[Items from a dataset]
Content starts

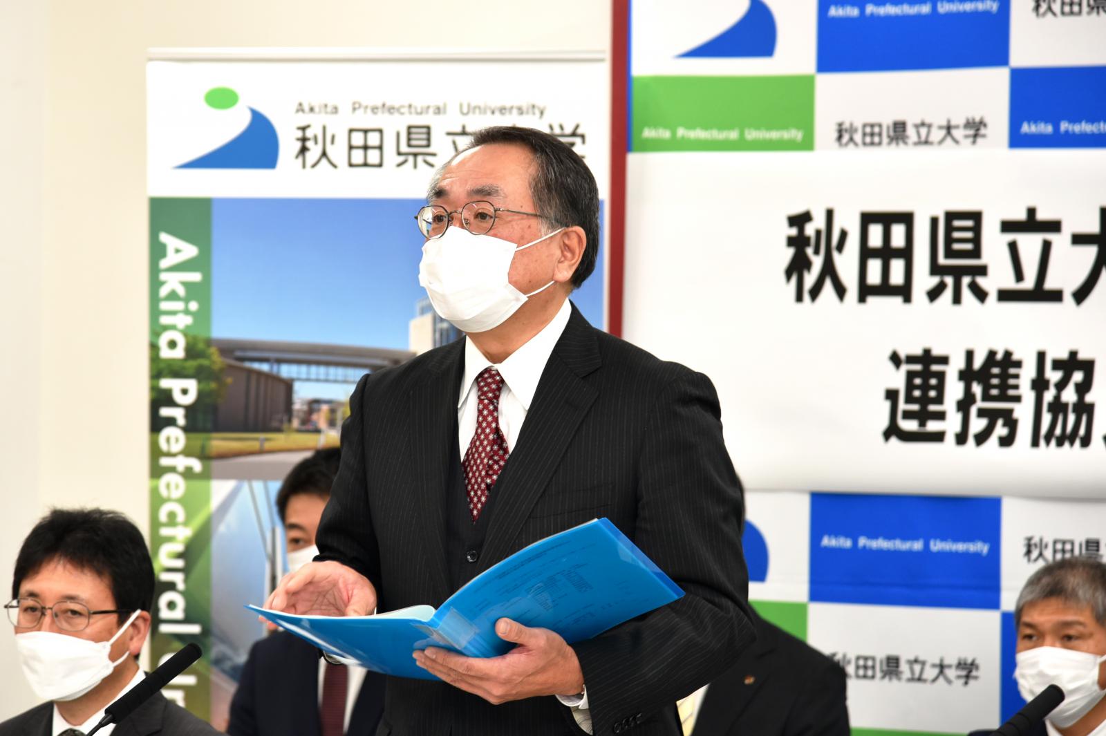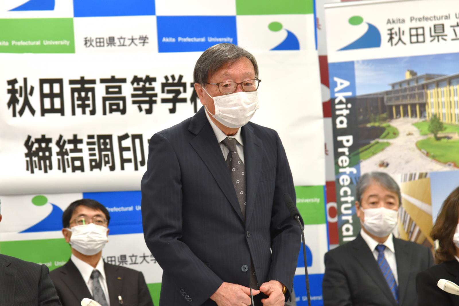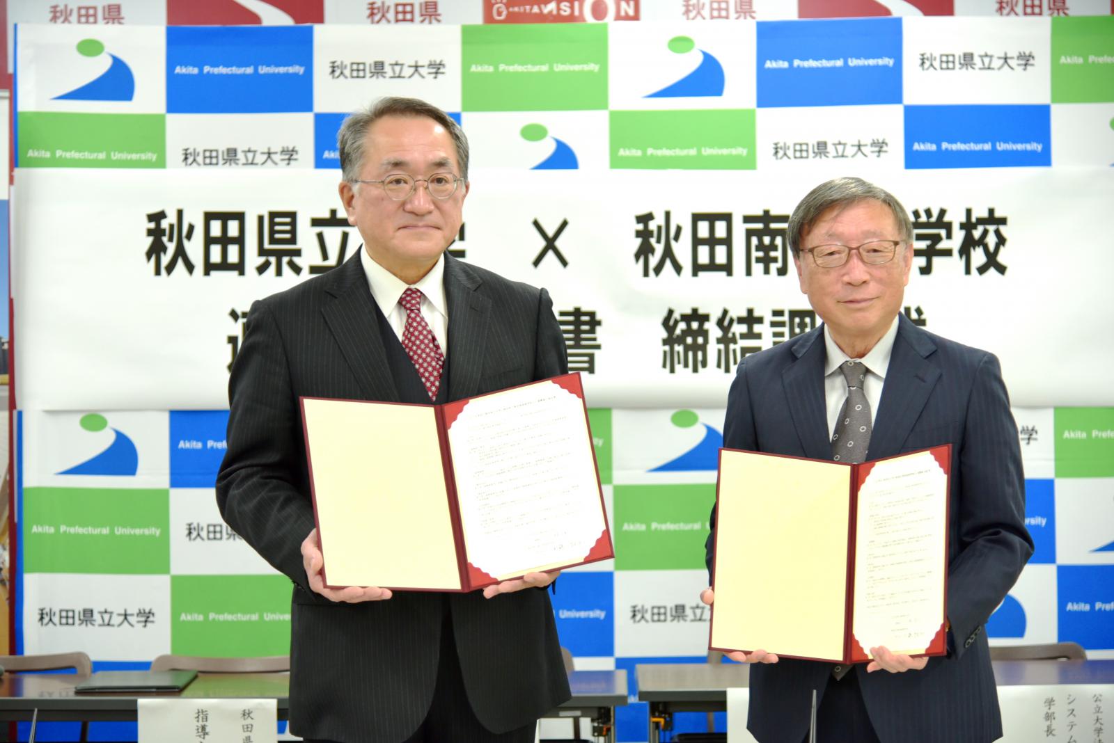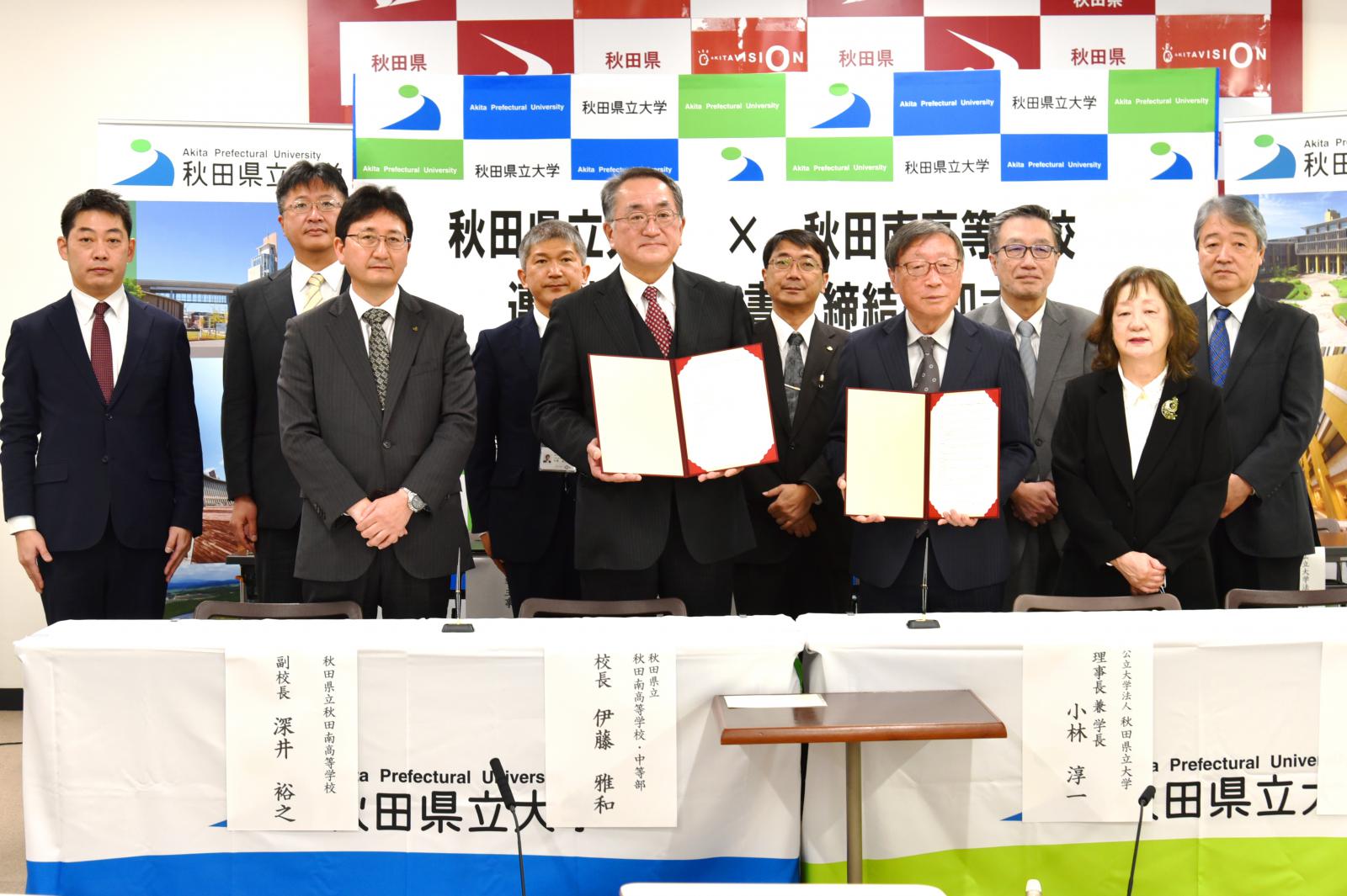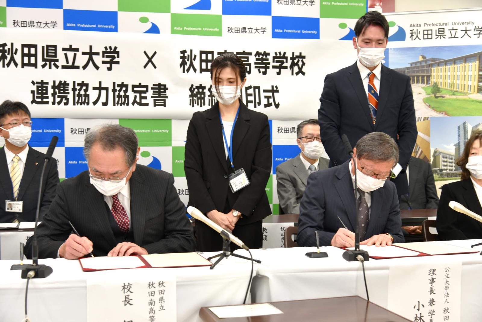11月15日(火)、秋田県立大学(小林 淳一 理事長兼学長)と秋田県立秋田南高等学校(伊藤 雅和 校長)は連携協力に関する協定を締結しました。秋田南高校は、平成27年度から31年度までの5年間、文部科学省の「スーパーグローバルハイスクール(SGH)」として、グローバルリーダー育成の研究指定(構想名:「こまちの里」秋田の高校生が「地球村」の食糧問題に挑む!)を受け、本学の教員も同校に赴き、農と食に関する世界的な課題についてグローバルな視点で考える取り組みを支援してきました。
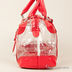 Изящная женская сумка из плотного полиэтилена со вставками из заменителя кожи. Стенки изделия мягкие. Передняя часть сумки декорирована брелоком на пряжке. Основное отделение застегивается на молнию. Подкладка отсутствует. Короткие ручки, в комплекте съемный ремешок. Цвет фурнитуры - серебро, ножки отсутствуют. Дно средней жесткости, формованное.
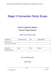 Connection Engineering Study Report for AUC Application: Error! Reference source not found. Stage 3 Connection Study Scope [Insert Customer Name] [Insert Project Name] AESO Project Number: [000] Company Name Engineer Name P.Eng. Date Engineer Signature Date Signature [Studies Consultant] [AESO (Project Studies Engineer)] Company Name Name [Insert Customer Name] Document Release [R1] [insert date] Page 1 Project and System Access Studies (PSAS) Group Public R3-2016-01-01 Connection Engineering Study Report for AUC Application: Error! Reference source not found. Page 2 Project and System Access Studies (PSAS) Group Public R3-2016-01-01 Connection Engineering Study Report for AUC Application: Error! Reference source not found. Contents Introduction ......................................................................................................................................... 5 1.1. Project............................................................................................................................................ 5 1.1.1. Project Overview.................................................................................................................... 5 1.1.2. Load Component ................................................................................................................... 5 1.1.3. Generation Component ......................................................................................................... 6 1.2. Study Scope .................................................................................................................................. 7 1.2.1. Study Objectives .................................................................................................................... 7 1.2.2. Study Area ............................................................................................................................. 7 1.2.3. Studies Performed ............................................................................................................... 10 1.2.4. Studies Excluded ................................................................................................................. 11 2. Connection Alternatives Selected for Studies ............................................................................... 12 3. Criteria, System Data, and Study Assumptions ............................................................................. 13 3.1. Criteria, Standards, and Requirements ....................................................................................... 13 3.1.1. Transmission Planning Standards and Reliability Criteria................................................... 13 3.1.2. AESO Rules ......................................................................................................................... 14 3.1.3. Other Requirements ............................................................................................................ 14 3.2. Study Scenarios .......................................................................................................................... 15 3.3. Load and Generation Assumptions ............................................................................................. 15 3.3.1. Load Assumptions ............................................................................................................... 15 3.3.2. Generation Assumptions ..................................................................................................... 16 3.3.3. Intertie Flow Assumptions ................................................................................................... 17 3.3.4. HVDC Power Order (if applicable) ....................................................................................... 18 3.4. System Projects ........................................................................................................................... 18 3.5. Customer Connection Projects .................................................................................................... 19 3.6. Facility Ratings and Shunt Elements ........................................................................................... 19 3.7. Protection Fault Clearing Times .................................................................................................. 21 3.8. Voltage Profile Assumption ......................................................................................................... 21 3.9. Motor Starting Assumptions ........................................................................................................ 22 4. Study Methodology ........................................................................................................................... 22 4.1. Connection Studies Carried Out .................................................................................................. 22 4.2. Load Flow Analysis ...................................................................................................................... 23 4.2.1. Contingencies Studied ......................................................................................................... 23 4.3. Voltage Stability (PV) Analysis .................................................................................................... 23 4.3.1. Contingencies Studied ......................................................................................................... 23 4.4. Transient Stability Analysis ......................................................................................................... 24 4.4.1. Contingencies Studied ......................................................................................................... 25 4.5. Short-Circuit Analysis .................................................................................................................. 25 4.6. Motor Starting Analysis [as required] ...................................
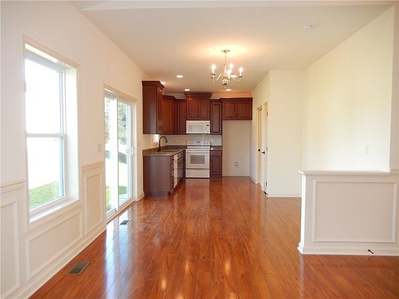 New Construction - RANCH SMART HOME! Covered entry opens to vaulted great room has wide plank wood like laminate floor and is wired for flat screen TV. Kitchen boasts maple stained cherry cabinets, quartz tops, oiled bronze faucet w/soap dispenser, dishwasher, microwave & stove. Vaulted master suite features waintscot, walk in closet, ceramic bath w/solid surface maple cabinet, oiled bronze faucet & fixtures,crown molding. Ceramic hall bath has solid surface top vanity, oiled bronze fixtures & crown molding. Bedrooms 2 & 3 have crown molding as well. Pocket door opens to 1st floor laundry/mud room w/ceramic floor & shelves. Other amenities of the home include soft close drawers, oiled bronze lever handles on doors, plumbing for bath in lower level, keyless entry & 9' ceilings.
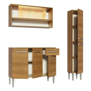 - Itens inclusos: Um Armário aéreo com duas portas de correr de vidro reflex e um nicho | Um Paneleiro com duas portas | Um Balcão com três portas, uma gaveta e tampo
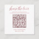 Blush and white share the love QR Code cards. Place these small cards at your wedding reception tables so guests can scan to upload the photos they took at your wedding reception to your album or social media. To generate a new QR code on the design, add the URL of your online wedding album or social media handle in the area provided, using the "personalise" feature. A brand new QR code will then be added to to the design.
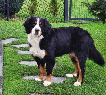 Elza ma 4 lata, to berneński pies pasterski. Jest bardzo spokojna, ale również nieufna. Uwielbia dzieci.
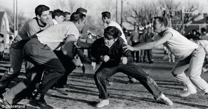Элвис на тренировке по американскому футболу, 1956 год
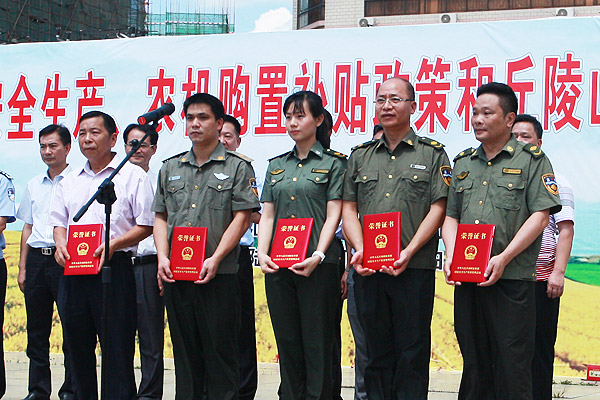 活动中,还分别为我省获得2014年全国“平安农机”示范县(区)的广州市从化区、珠海市金湾区、兴宁市和龙门县颁发了牌匾,为获得农机安全监理“示范岗位标兵”的个人颁发了证书。

Content ends

## Action item
Print all the entries again exactly as written, but without the pictures.

## Result
11月15日(火)、秋田県立大学(小林 淳一 理事長兼学長)と秋田県立秋田南高等学校(伊藤 雅和 校長)は連携協力に関する協定を締結しました。秋田南高校は、平成27年度から31年度までの5年間、文部科学省の「スーパーグローバルハイスクール(SGH)」として、グローバルリーダー育成の研究指定(構想名:「こまちの里」秋田の高校生が「地球村」の食糧問題に挑む!)を受け、本学の教員も同校に赴き、農と食に関する世界的な課題についてグローバルな視点で考える取り組みを支援してきました。
 Изящная женская сумка из плотного полиэтилена со вставками из заменителя кожи. Стенки изделия мягкие. Передняя часть сумки декорирована брелоком на пряжке. Основное отделение застегивается на молнию. Подкладка отсутствует. Короткие ручки, в комплекте съемный ремешок. Цвет фурнитуры - серебро, ножки отсутствуют. Дно средней жесткости, формованное.
 Connection Engineering Study Report for AUC Application: Error! Reference source not found. Stage 3 Connection Study Scope [Insert Customer Name] [Insert Project Name] AESO Project Number: [000] Company Name Engineer Name P.Eng. Date Engineer Signature Date Signature [Studies Consultant] [AESO (Project Studies Engineer)] Company Name Name [Insert Customer Name] Document Release [R1] [insert date] Page 1 Project and System Access Studies (PSAS) Group Public R3-2016-01-01 Connection Engineering Study Report for AUC Application: Error! Reference source not found. Page 2 Project and System Access Studies (PSAS) Group Public R3-2016-01-01 Connection Engineering Study Report for AUC Application: Error! Reference source not found. Contents Introduction ......................................................................................................................................... 5 1.1. Project............................................................................................................................................ 5 1.1.1. Project Overview.................................................................................................................... 5 1.1.2. Load Component ................................................................................................................... 5 1.1.3. Generation Component ......................................................................................................... 6 1.2. Study Scope .................................................................................................................................. 7 1.2.1. Study Objectives .................................................................................................................... 7 1.2.2. Study Area ............................................................................................................................. 7 1.2.3. Studies Performed ............................................................................................................... 10 1.2.4. Studies Excluded ................................................................................................................. 11 2. Connection Alternatives Selected for Studies ............................................................................... 12 3. Criteria, System Data, and Study Assumptions ............................................................................. 13 3.1. Criteria, Standards, and Requirements ....................................................................................... 13 3.1.1. Transmission Planning Standards and Reliability Criteria................................................... 13 3.1.2. AESO Rules ......................................................................................................................... 14 3.1.3. Other Requirements ............................................................................................................ 14 3.2. Study Scenarios .......................................................................................................................... 15 3.3. Load and Generation Assumptions ............................................................................................. 15 3.3.1. Load Assumptions ............................................................................................................... 15 3.3.2. Generation Assumptions ..................................................................................................... 16 3.3.3. Intertie Flow Assumptions ................................................................................................... 17 3.3.4. HVDC Power Order (if applicable) ....................................................................................... 18 3.4. System Projects ........................................................................................................................... 18 3.5. Customer Connection Projects .................................................................................................... 19 3.6. Facility Ratings and Shunt Elements ........................................................................................... 19 3.7. Protection Fault Clearing Times .................................................................................................. 21 3.8. Voltage Profile Assumption ......................................................................................................... 21 3.9. Motor Starting Assumptions ........................................................................................................ 22 4. Study Methodology ........................................................................................................................... 22 4.1. Connection Studies Carried Out .................................................................................................. 22 4.2. Load Flow Analysis ...................................................................................................................... 23 4.2.1. Contingencies Studied ......................................................................................................... 23 4.3. Voltage Stability (PV) Analysis .................................................................................................... 23 4.3.1. Contingencies Studied ......................................................................................................... 23 4.4. Transient Stability Analysis ......................................................................................................... 24 4.4.1. Contingencies Studied ......................................................................................................... 25 4.5. Short-Circuit Analysis .................................................................................................................. 25 4.6. Motor Starting Analysis [as required] ...................................
 New Construction - RANCH SMART HOME! Covered entry opens to vaulted great room has wide plank wood like laminate floor and is wired for flat screen TV. Kitchen boasts maple stained cherry cabinets, quartz tops, oiled bronze faucet w/soap dispenser, dishwasher, microwave & stove. Vaulted master suite features waintscot, walk in closet, ceramic bath w/solid surface maple cabinet, oiled bronze faucet & fixtures,crown molding. Ceramic hall bath has solid surface top vanity, oiled bronze fixtures & crown molding. Bedrooms 2 & 3 have crown molding as well. Pocket door opens to 1st floor laundry/mud room w/ceramic floor & shelves. Other amenities of the home include soft close drawers, oiled bronze lever handles on doors, plumbing for bath in lower level, keyless entry & 9' ceilings.
 - Itens inclusos: Um Armário aéreo com duas portas de correr de vidro reflex e um nicho | Um Paneleiro com duas portas | Um Balcão com três portas, uma gaveta e tampo
 Blush and white share the love QR Code cards. Place these small cards at your wedding reception tables so guests can scan to upload the photos they took at your wedding reception to your album or social media. To generate a new QR code on the design, add the URL of your online wedding album or social media handle in the area provided, using the "personalise" feature. A brand new QR code will then be added to to the design.
 Elza ma 4 lata, to berneński pies pasterski. Jest bardzo spokojna, ale również nieufna. Uwielbia dzieci.
Элвис на тренировке по американскому футболу, 1956 год
 活动中,还分别为我省获得2014年全国“平安农机”示范县(区)的广州市从化区、珠海市金湾区、兴宁市和龙门县颁发了牌匾,为获得农机安全监理“示范岗位标兵”的个人颁发了证书。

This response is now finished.